How does fitness-proportional selection guide LLM recombination in unstructured solution spaces?

This explores how an evolutionary loop — scoring candidates by a fitness signal, then having an LLM recombine the better ones — actually works when the solutions are free-form text or plans rather than neatly structured objects, and where that fitness signal is doing the real steering.

This reads the question as: in LLM-driven evolution, the model proposes and mutates candidates, but selection — picking which survive to be recombined — is what supplies the optimization pressure the LLM lacks on its own. The corpus is unusually pointed on why that division of labor matters. The headline result is Mind Evolution Can evolutionary search beat sampling and revision at inference time?, which uses LLM-generated mutations and crossovers inside a genetic algorithm and solves ~98% of planning tasks, beating Best-of-N and sequential revision. The key isn't smarter mutation — it's that an island model keeps a diverse population alive so fitness can keep sorting variants instead of collapsing to one trajectory. Fitness-proportional selection is the thing that prevents the premature convergence single-path refinement falls into.

Why lean so hard on external selection? Because the corpus suggests LLMs can't run the optimization internally. Models don't actually execute iterative numerical methods — they pattern-match to memorized templates and emit plausible-but-wrong values Do large language models actually perform iterative optimization?, and they plateau around 55–60% constraint satisfaction regardless of scale or 'reasoning' training Do larger language models solve constrained optimization better?. Even RL fine-tuning sharpens template-matching rather than installing a real search procedure Do fine-tuned language models actually learn optimization procedures?. So the evolutionary framing is a workaround: the LLM supplies cheap, varied proposals; the fitness function supplies the iteration the model can't do in its own latent space.
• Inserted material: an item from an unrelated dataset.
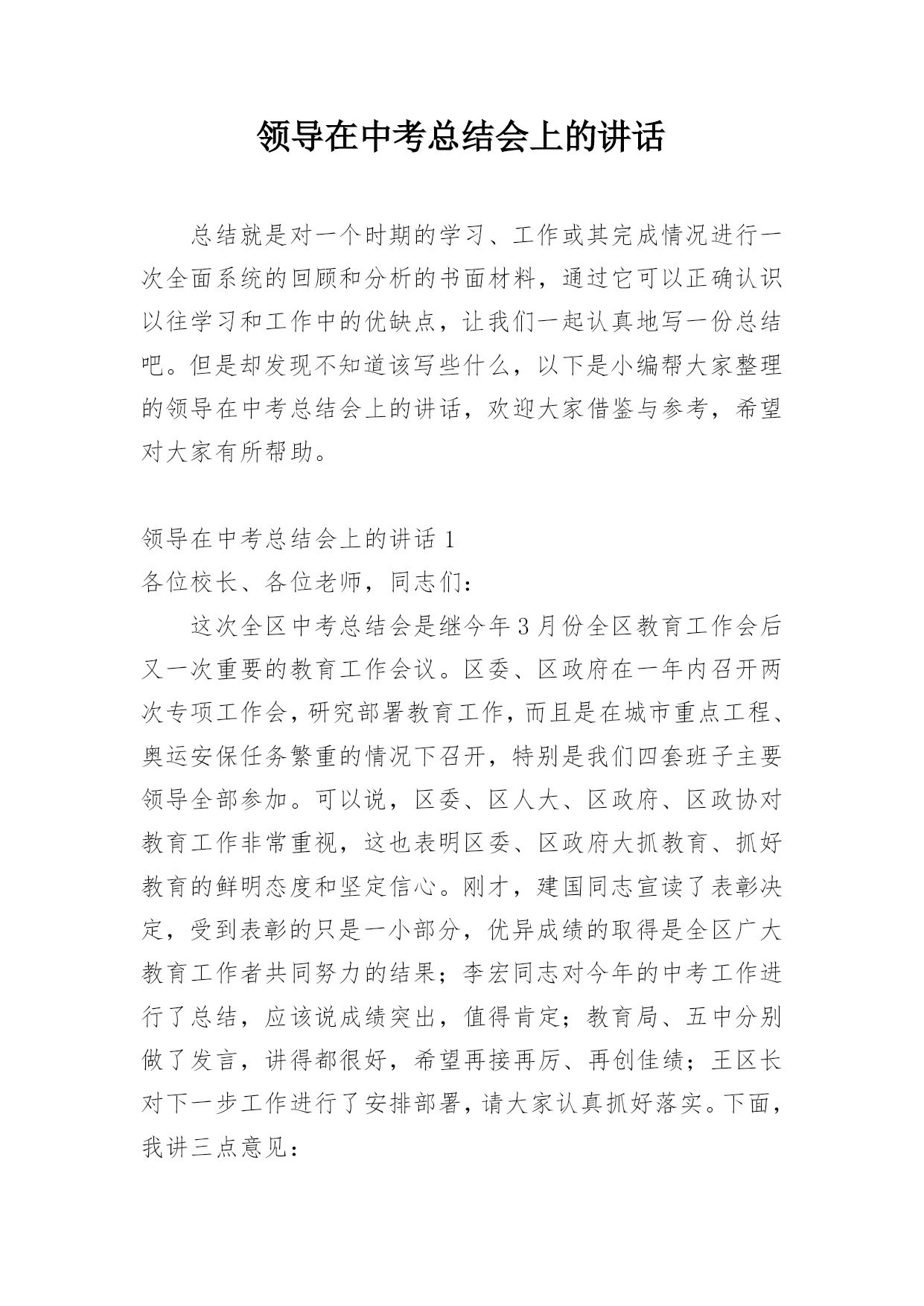 领导在中考总结会上的讲话总结就是对一个时期的学习、工作或其完成情况进行一次全面系统的回顾和分析的书面材料,通过它可以正确认识以往学习和工作中的优缺点,让我们一起认真地写一份总结吧。但是却发现不知道该写些什么,以下是小编帮大家整理的领导在中考总结会上的讲话,欢迎大家借鉴与参考,希望对大家有所帮助。领导在中考总结会上的讲话1各位校长、各位老师,同志们:这次全区中考总结会是继今年3月份全区教育工作会后又一次重要的教育工作会议。区委、区政府在一年内召开两次专项工作会,研究部署教育工作,而且是在城市重点工程、奥运安

Selection is the optimizer; the LLM is the mutation operator.

Now the twist hiding in the phrase 'unstructured solution spaces.' The corpus pushes back on the idea that selection alone can guide recombination through a formless space. Genesys, a multi-agent LLM system doing genetic programming over neural architectures, found that imposing a structured representation lifted design success from 14% to nearly 100% versus letting the LLM generate freely Can AI systems discover better neural architectures than humans?. The same fitness signal works dramatically better when crossover operates on structured genomes rather than raw text — meaning 'unstructured' is often the enemy, and part of what makes these systems succeed is quietly adding structure so that recombination produces valid offspring rather than noise.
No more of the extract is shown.